Monday, 10 September 2012

Carry On Camping


I love camping. There’s something about sleeping under canvas, being freezing cold yet lying in a pool of your own sweat, trying to get comfy in a twisted sleeping bag and of course the inevitable wee roulette (do I absolutely have to go outside and walk for 2 miles through the elements to get to the toilet or can I hold off until the morning?) that I find really exciting.

So as the weather was fine this weekend, I decided the kids and I would camp out in the garden together. It came in a flash of inspiration. It’s totally free and what could be more exciting to a three and a five year old than getting close to nature and sleeping under the stars? I was a little nervous, I have only just got used to sleeping in the house alone at night, how would I fare being outside? But the kids were excited so I was determined to be brave.

I spent the daytime working in the garden. I have recently admitted to myself that far from the Barbara from the Good Life I had expected to be, I actually do not enjoy gardening very much. I can appreciate gardens when the weather is nice but the rest of the time they just seem to be a drain on resources and energy. Because of that my garden looks like the outside of a trailer park, discarded and broken toys litter the “lawn”, patches of rough ground, untended plants and a jungle burying the vegetable planters The Dad had kindly put in for me. So, in a bid to stop dragging down the house ceiling price of the road, I painted a couple of ugly walls, while the kids begged me to hurry up so they could put the tent up. Kids Auntie came round for a cuppa so I asked her to help them erect it, to get them off my back while I was otherwise engaged (covered from head to toe in paint, perching precariously atop a step ladder, sloshing paint onto walls).

The tent had been festering in its bag for well over five years, and, given that it was my old festival tent and all manner of unsavoury activities had taken place in there, it didn’t smell particularly fragrant. But this didn’t seem to put the kids off, who excitedly got all their camping essentials, bedding, cuddly toys, a Ben and Holly magnifying glass (I have no idea) and my bedside clock and set it up ready for bed. After supper I read them a story and told them to go to sleep and that I would be outside until my bedtime when I would come into the tent and sleep in between them.

I suppose I should have added to the fun by staying in there with them. But at the end of the day I do need some time to myself to recover after a day unsuccessfully wrestling kids away from paintbrushes (and if I’m honest, I wanted to spend as little time in that stinky tent as possible). So I sat on the patio with a shandy and read my book. The children, unsurprisingly, did not settle. The tent from the outside looked like a cartoon bag of frantic cats. Son One eventually got sleepy, but Son Two (aged three) was far too excited to do anything other than play with his Action Man, loudly.

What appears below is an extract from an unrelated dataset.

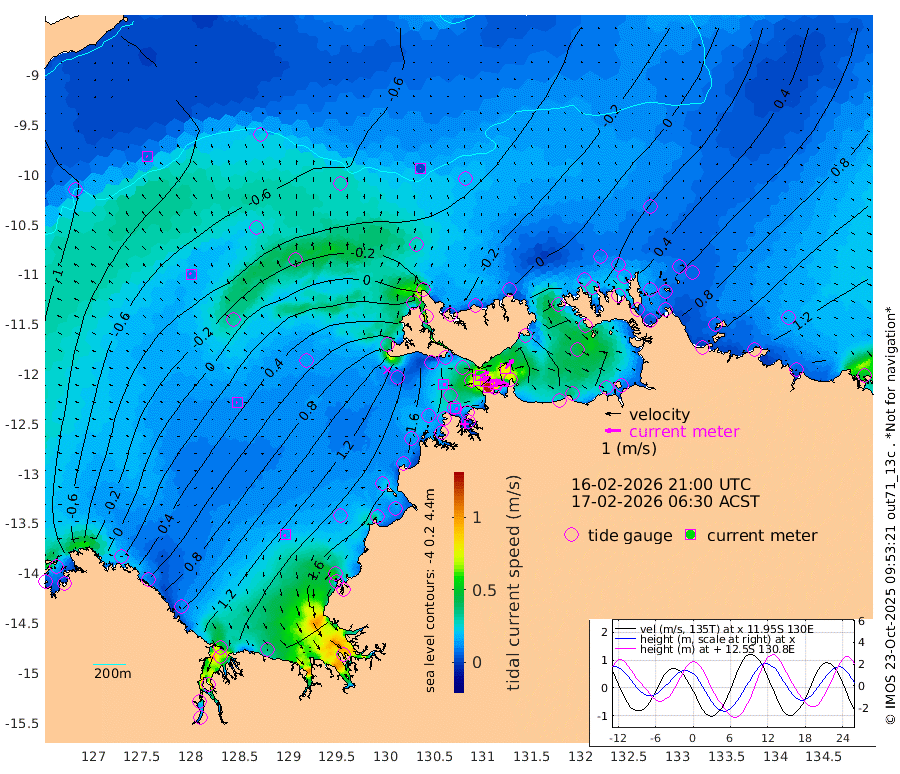 124cm/s 78T +4cm/s rms + 6cm/s 51T. Darwin_C1 52m 88cm/s 92T +4cm/s rms + 7cm/s -161T. Darwin_CW1 22m 68cm/s 72T +4cm/s rms + 8cm/s 61T. Darwin_CW2 34m 78cm/s 42T +3cm/s rms + 9cm/s 98T. Darwin_CW3 22m 96cm/s 89T +5cm/s rms + 7cm/s 88T. Darwin_C3 56m 59cm/s 65T +2cm/s rms + 9cm/s -126T. Darwin_CTbW 22m 3cm/s 7T +9cm/s rms + 2cm/s -110T. NWSLYN 196m 17cm/s 79T +1cm/s rms + 1cm/s -47T. DARBGF 30m 7cm/s -66T +7cm/s rms + 2cm/s -137T. ITFTIS 464m 10cm/s -40T +9cm/s rms + 1cm/s 74T. ITFMHB 146m 14cm/s -162T +4cm/s rms + 1cm/s -134T. ITFJBG 61m 10cm/s -83T +6cm/s rms + 4cm/s 121T. ITFFTB 108m 15cm/s 101T +4cm/s rms + 3cm/s 80T. NRSDAR 19m -112cm Carronade Island -114cm Guy Point -123cm Napier Broome Bay -8cm Lesueur Island 82cm Reveley Island -22cm Rocky Island 134cm Cape Domett 124cm Lacrosse Island 133cm Adolphus Island 67cm Pender Point 48cm Wyndham -28cm The Boxers 14cm Unnamed Shoal -85cm Loxton Shoal 173cm Pelican Island -42cm Calder Shoal -62cm Evans Shoal 173cm Quoin Island 170cm Port Keats 173cm Jones Point 128cm Catfish Island 121cm Cape Scott Offshore 98cm Cape Ford 150cm Anson Bay -34cm Goodrich Bank 116cm Peron Island North 112cm Point Jenny 112cm Native Point 123cm Fish Reef 142cm Tapa Bay 35cm Point Fawcett (Offshore) 146cm Burge Point 127cm Munkunuwa 87cm Beagle A 153cm Parsons Bank 141cm Fenton Patches -41cm Lynedoch Bank 158cm Hancox Shoal Area 165cm Nightcliff 173cm Darwin 150cm Charles Point Patches 123cm Glyde Point 97cm Chambers Bay 91cm Point Stuart 107cm Cape Hotham 79cm Christine Reef 95cm West Alligator Head 84cm East Field Island 79cm Two Hills Bay 20cm Newby Shoal 85cm Camp Point 133cm Medina Inlet South 25cm South Barlow Point -1cm St. Asaph Bay -29cm Cape Van Dieman -20cm Snake Bay -28cm Cache Point -99cm Echo Shoal -8cm Point Jahleel (Off) 35cm Cape Don 6cm Port Essington 5cm Smith Point - West 6cm NW Peacock Island -12cm North Of Jones Shoal -1cm Peacock Island 46cm Point David 14cm D'urville Point 9cm Money Shoal 50cm Copeland Island 54cm Cape Cockburn 35cm One Tree Point 55cm Hogmany Shoal 40cm New Year Island - West 43cm Grant Island 75cm Aurari Bay 81cm Cuthbert Point 65cm North Goulburn Island 98cm Paxie Shoal 112cm Entrance Island 143cm Yabooma Island

I started to get cold. So I lit a fire in our barbeque pit perched in the middle of the garden table, which warmed everything upwards from my eyebrows. At this point I was really hoping that they would get bored and want to go back inside, so that I could sit on my comfy sofa and watch X Factor. It began to get dark, and I was totally unprepared, so ended up reading my book by the light of a Lego wind up torch. Eventually it got so dark and so cold that I decided I may as well go to bed myself. At 8.45pm. So rock and roll for a Saturday night.

I squeezed in between the boys and realised why it had taken them so long to fall asleep. It was bloody uncomfortable. The two cushions I had used as a mattress had separated so that my head was off the ground, as were my hips and legs, but everything in between was lying on bare ground sheet. And I couldn’t sort it out without disturbing the kids. I had the wee roulette (I gambled and won, darting desperately into the house in the morning to relieve myself) and wrestled with my twisted sleeping bag. At one point Son Two woke up and complained that he was cold, grasped me round the neck and fell asleep strangling me. Son One woke up at 5am and complained that he was wet from the condensation drips falling from the walls of the tent, went out for a wee then returned to declare “I hate camping!” before falling back to sleep.

That afternoon Big Bro popped round for a cuppa, I proudly told him that we had camped out all night and I wasn’t even scared. “So did you like camping?” he asked Son One, “No. It was wet and horrible.” Son one replied. Still, least I enjoyed it.